Top of DATA TO PROCESS
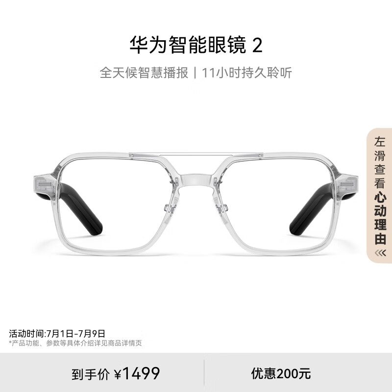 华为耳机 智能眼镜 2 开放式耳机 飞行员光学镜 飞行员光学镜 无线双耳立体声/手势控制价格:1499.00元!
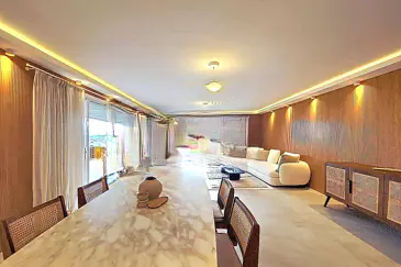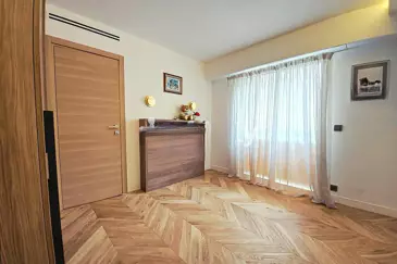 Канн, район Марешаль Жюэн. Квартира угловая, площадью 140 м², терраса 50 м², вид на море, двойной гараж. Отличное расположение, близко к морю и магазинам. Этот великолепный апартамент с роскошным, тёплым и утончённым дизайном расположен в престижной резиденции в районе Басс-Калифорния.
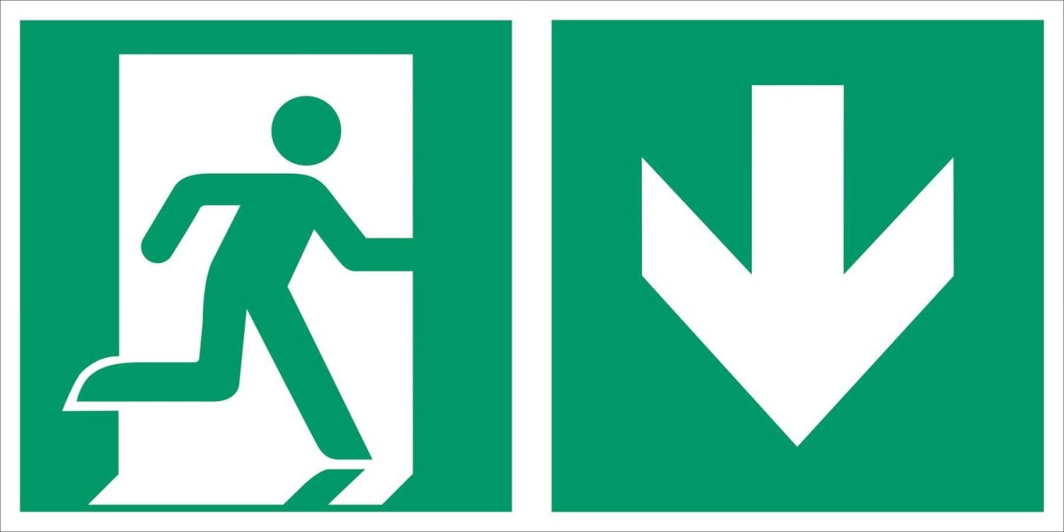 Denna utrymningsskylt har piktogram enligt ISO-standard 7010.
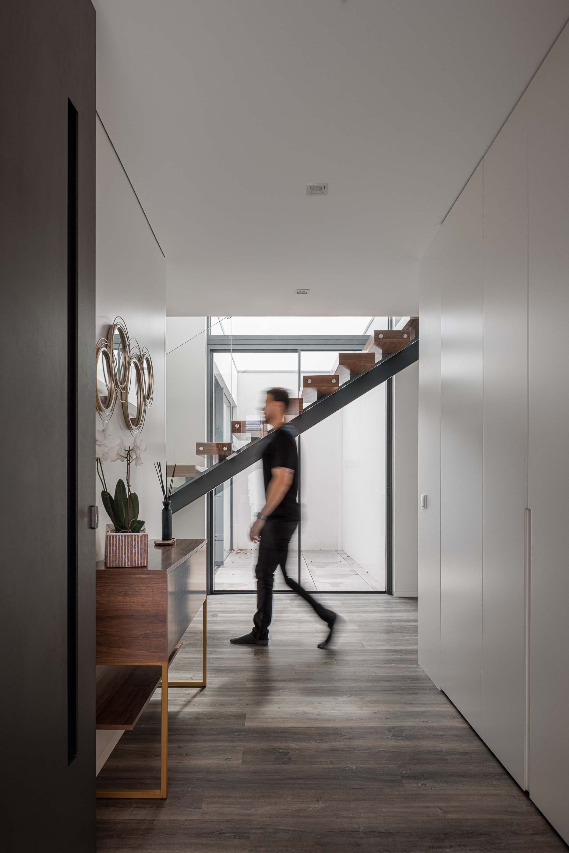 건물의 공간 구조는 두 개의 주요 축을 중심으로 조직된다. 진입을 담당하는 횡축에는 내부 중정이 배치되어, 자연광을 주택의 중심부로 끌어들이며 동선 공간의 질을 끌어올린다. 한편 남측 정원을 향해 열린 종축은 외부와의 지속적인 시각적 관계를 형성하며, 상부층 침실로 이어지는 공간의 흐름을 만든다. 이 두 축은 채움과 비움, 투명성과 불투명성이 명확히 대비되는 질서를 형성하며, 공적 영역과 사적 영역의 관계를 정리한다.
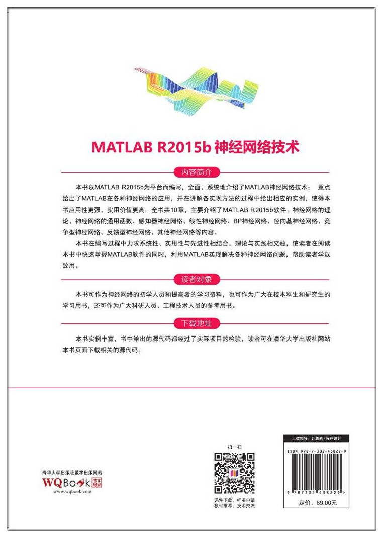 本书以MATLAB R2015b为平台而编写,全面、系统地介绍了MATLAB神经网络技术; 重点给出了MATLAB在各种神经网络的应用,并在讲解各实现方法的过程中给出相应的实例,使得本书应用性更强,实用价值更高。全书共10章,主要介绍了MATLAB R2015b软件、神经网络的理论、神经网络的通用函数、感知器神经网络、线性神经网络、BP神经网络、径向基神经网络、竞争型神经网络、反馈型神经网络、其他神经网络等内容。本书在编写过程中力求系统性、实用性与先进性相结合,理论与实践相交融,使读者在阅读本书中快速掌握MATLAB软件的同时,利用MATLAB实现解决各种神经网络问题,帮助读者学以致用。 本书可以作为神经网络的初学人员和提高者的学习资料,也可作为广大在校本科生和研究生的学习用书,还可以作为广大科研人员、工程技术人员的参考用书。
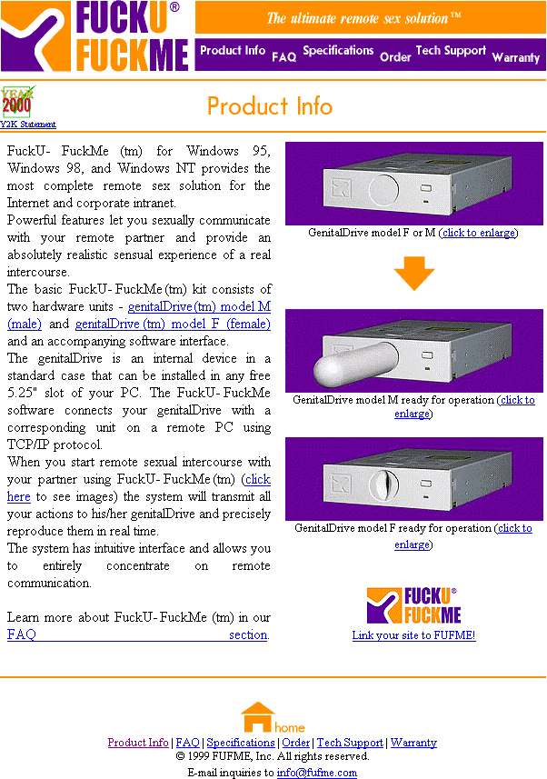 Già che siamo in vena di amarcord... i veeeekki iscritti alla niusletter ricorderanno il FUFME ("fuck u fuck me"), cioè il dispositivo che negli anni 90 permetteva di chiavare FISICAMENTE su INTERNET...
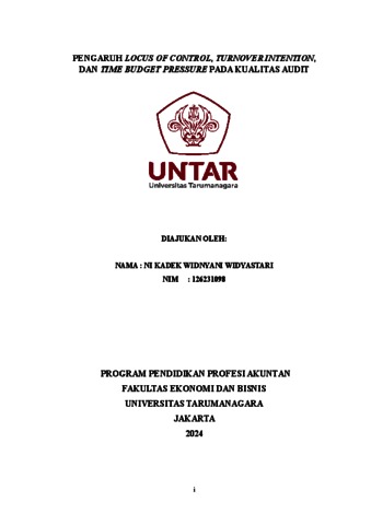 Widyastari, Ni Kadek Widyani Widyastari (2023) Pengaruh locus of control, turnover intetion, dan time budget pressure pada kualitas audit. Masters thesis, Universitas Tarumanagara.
Bottom of DATA TO PROCESS
TASK INSTRUCTIONS:
Both the line above containing "Канн, район Марешаль" and the line containing "Già che siamo" belong in the copy, along with every line between them; print these exactly and omit the pictures.

WRITTEN RESPONSE:
 Канн, район Марешаль Жюэн. Квартира угловая, площадью 140 м², терраса 50 м², вид на море, двойной гараж. Отличное расположение, близко к морю и магазинам. Этот великолепный апартамент с роскошным, тёплым и утончённым дизайном расположен в престижной резиденции в районе Басс-Калифорния.
 Denna utrymningsskylt har piktogram enligt ISO-standard 7010.
 건물의 공간 구조는 두 개의 주요 축을 중심으로 조직된다. 진입을 담당하는 횡축에는 내부 중정이 배치되어, 자연광을 주택의 중심부로 끌어들이며 동선 공간의 질을 끌어올린다. 한편 남측 정원을 향해 열린 종축은 외부와의 지속적인 시각적 관계를 형성하며, 상부층 침실로 이어지는 공간의 흐름을 만든다. 이 두 축은 채움과 비움, 투명성과 불투명성이 명확히 대비되는 질서를 형성하며, 공적 영역과 사적 영역의 관계를 정리한다.
 本书以MATLAB R2015b为平台而编写,全面、系统地介绍了MATLAB神经网络技术; 重点给出了MATLAB在各种神经网络的应用,并在讲解各实现方法的过程中给出相应的实例,使得本书应用性更强,实用价值更高。全书共10章,主要介绍了MATLAB R2015b软件、神经网络的理论、神经网络的通用函数、感知器神经网络、线性神经网络、BP神经网络、径向基神经网络、竞争型神经网络、反馈型神经网络、其他神经网络等内容。本书在编写过程中力求系统性、实用性与先进性相结合,理论与实践相交融,使读者在阅读本书中快速掌握MATLAB软件的同时,利用MATLAB实现解决各种神经网络问题,帮助读者学以致用。 本书可以作为神经网络的初学人员和提高者的学习资料,也可作为广大在校本科生和研究生的学习用书,还可以作为广大科研人员、工程技术人员的参考用书。
 Già che siamo in vena di amarcord... i veeeekki iscritti alla niusletter ricorderanno il FUFME ("fuck u fuck me"), cioè il dispositivo che negli anni 90 permetteva di chiavare FISICAMENTE su INTERNET...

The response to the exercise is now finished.